As we just said, semidefinite programs generalize linear programs by replacing “non-negative numbers” with “positive semidefinite matrices”. In fact, there is an intuitive way in which positive semidefinite matrices are a natural generalization of the concept of non-negative numbers.
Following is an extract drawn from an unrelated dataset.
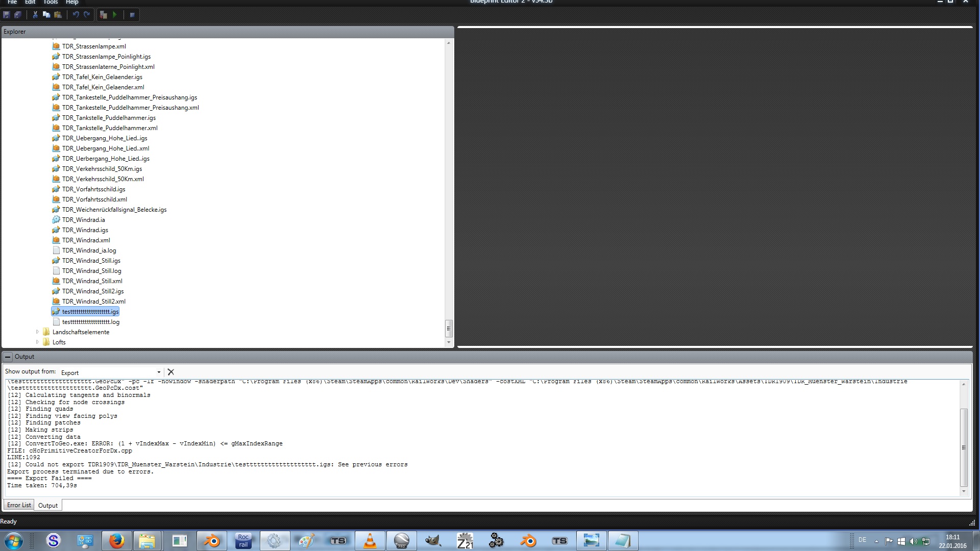 Hi Leute ich habe folgendes Problem beim mit dem Blueprint editor, ich bekomme immer diesen Fehler ausgeworfen ( [6] ConvertToGeo.exe: ERROR: (1 + vIndexMax - vIndexMin) <= gMaxIndexRange )
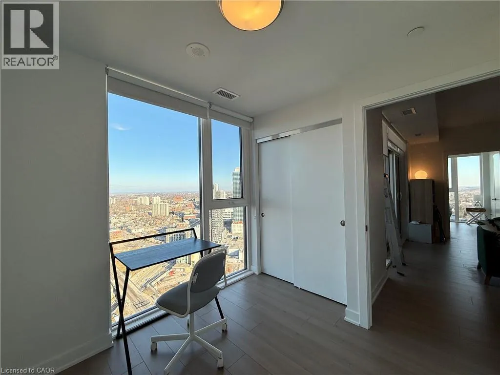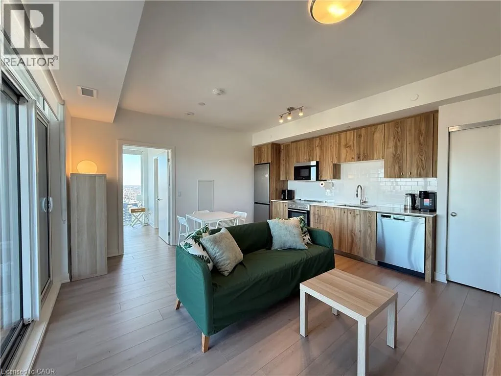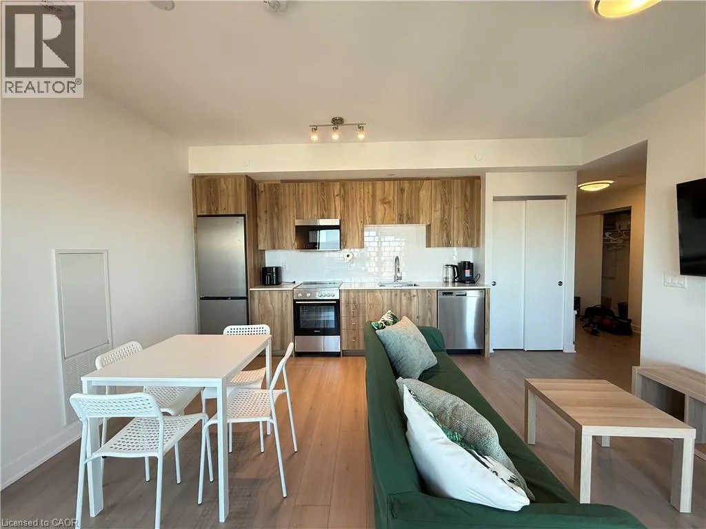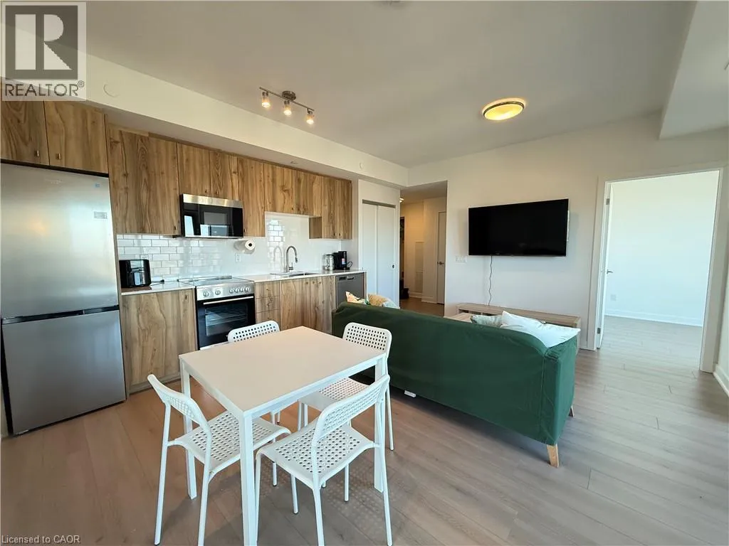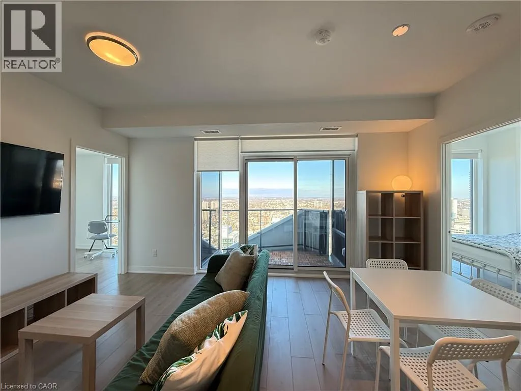 Off King St and Wellington St across from Google Available immediately! Furnished suite. Experience elevated urban living in this stunning 2-bedroom, 2-bathroom corner suite at DUO at Station Park, located on a high floor with breathtaking panoramic views of Kitchener-Waterloo through expansive floor-to-ceiling windows. This bright and modern residence features upgraded flooring, stylish window coverings, and a spacious open-concept layout designed for both comfortable living and entertaining. The fully furnished unit offers a convenient move-in-ready lifestyle, perfect for professionals, relocating tenants, or those seeking flexibility without the hassle of furnishing a home. The suite includes one underground parking space and one storage locker, with additional parking available through the building for $160 + HST per month. Bell Fiber high-speed internet is included in the rent, making it ideal for professionals or remote work. Tenants are responsible for hydro and water and must set up their own utility accounts. Residents enjoy world-class amenities including a two-lane bowling alley with lounge, games room with pool and foosball, Hydropool swim spa and hot tub, fully equipped fitness centre, yoga/Pilates and Peloton studios, and a beautifully landscaped outdoor terrace with cabanas and BBQ areas. The building also features a concierge desk and secure parcel system for added convenience. Future amenities will include an outdoor skating rink and on-site restaurants, further enhancing the vibrant lifestyle at Station Park, one of the most exciting new communities in the Kitchener-Waterloo tech corridor. (id:27476)

At the risk of insulting your intelligence, let us think about what happens when we multiply a real number \(x\) by a real number \(a\geq 0\text{.}\) Regardless of which number \(x\) we choose, the operation of multiplying by a non-negative number \(a\) simply scales the number \(x\) and, importantly, the resulting number \(ax\) remains on the “same side” of the origin as \(x\text{.}\) In contrast, if \(a\) is negative, then the multiplication by \(a\) operation flips \(x\) to the other side of the origin.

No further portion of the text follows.